Strong anisotropy in surface kinetic roughening: analysis and experiments

TL;DR

This paper experimentally investigates anisotropic surface kinetic roughening in silicon surfaces subjected to ion-beam sputtering, confirming the applicability of a recently proposed anisotropic scaling Ansatz for analyzing surface roughness.

Contribution

It validates a new anisotropic scaling framework for surface roughness analysis through experimental data on silicon surfaces, enhancing understanding of anisotropic kinetic roughening.

Findings

Confirmation of strong anisotropic roughening in experiments

Validation of the anisotropic scaling Ansatz for 2D surface observables

Identification of measurement issues affecting anisotropic scaling assessment

Abstract

We report an experimental assessment of surface kinetic roughening properties that are anisotropic in space. Working for two specific instances of silicon surfaces irradiated by ion-beam sputtering under diverse conditions (with and without concurrent metallic impurity codeposition), we verify the predictions and consistency of a recently proposed scaling Ansatz for surface observables like the two-dimensional (2D) height Power Spectral Density (PSD).
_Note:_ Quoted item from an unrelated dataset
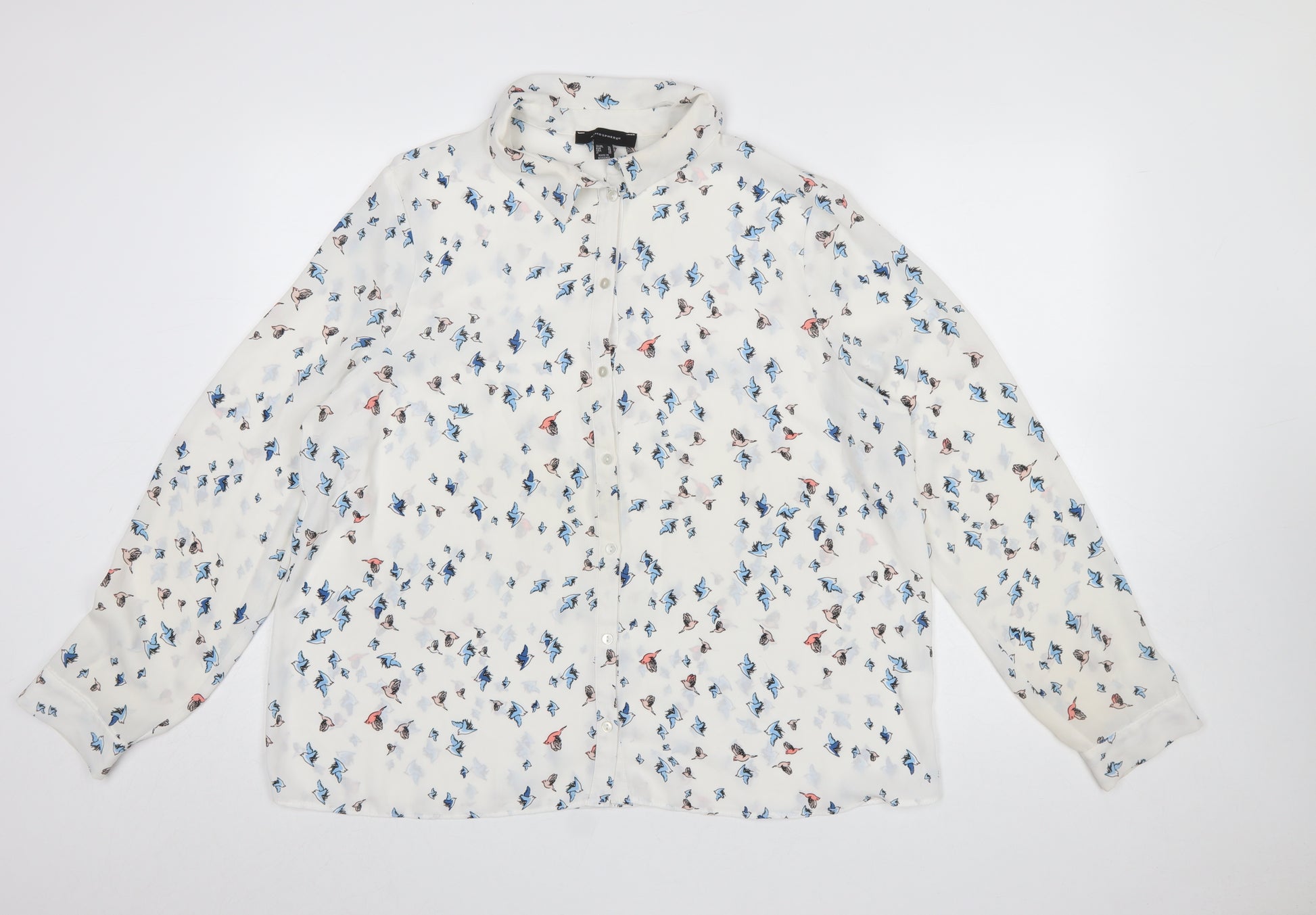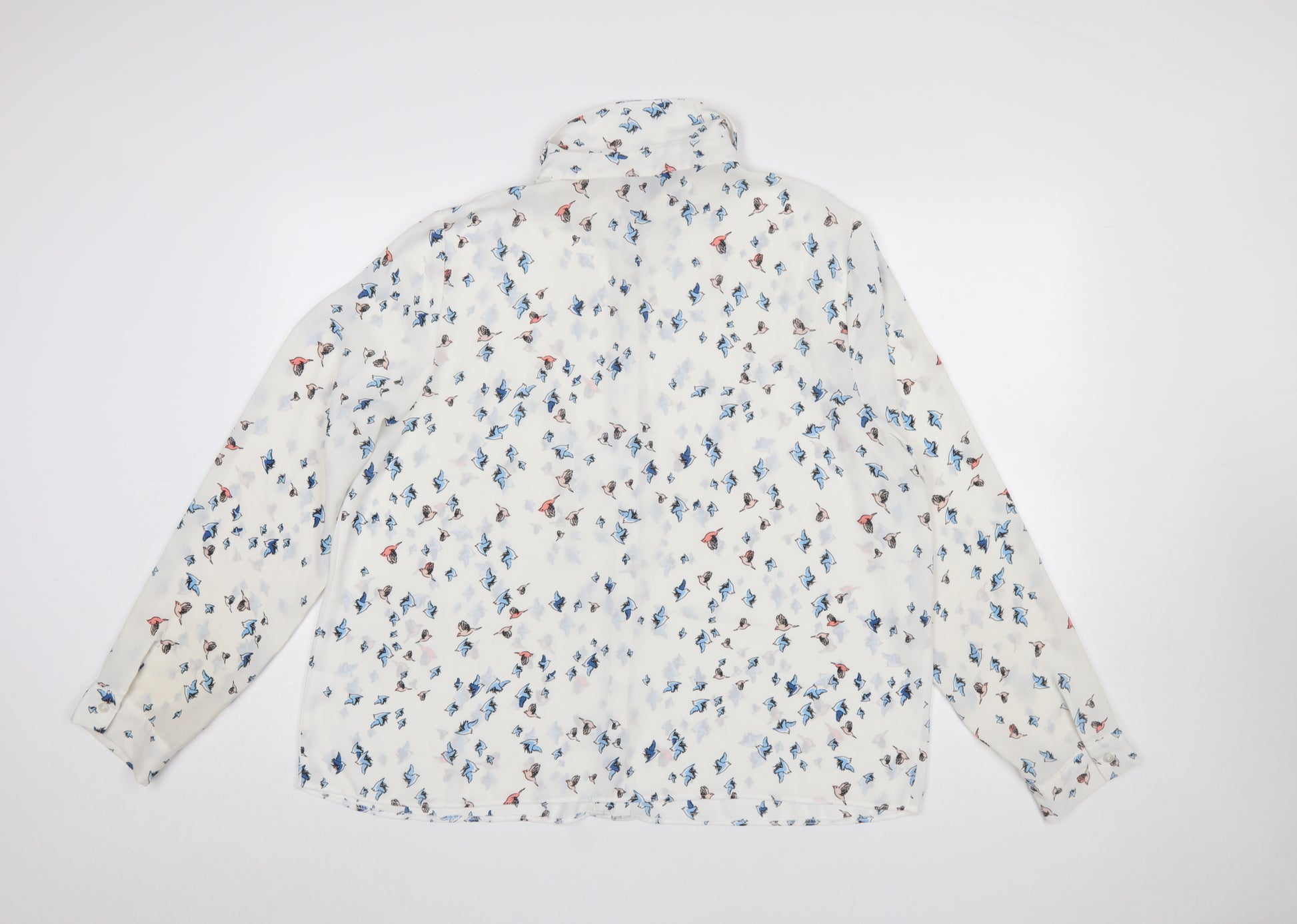 Women’s White Bird Print Long Sleeve Collared Blouse Size 20

In contrast with other formulations, this Ansatz is naturally tailored to the study of two-dimensional surfaces, and allows to readily explore the implications of anisotropic scaling for other observables, such as real-space correlation functions and PSD functions for 1D profiles of the surface. Our results confirm that there are indeed actual experimental systems whose kinetic roughening is strongly anisotropic, as consistently described by this scaling analysis. In the light of our work, some types of experimental measurements are seen to be more affected by issues like finite space resolution effects, etc. that may hinder a clear-cut assessment of strongly anisotropic scaling in the present and other practical contexts.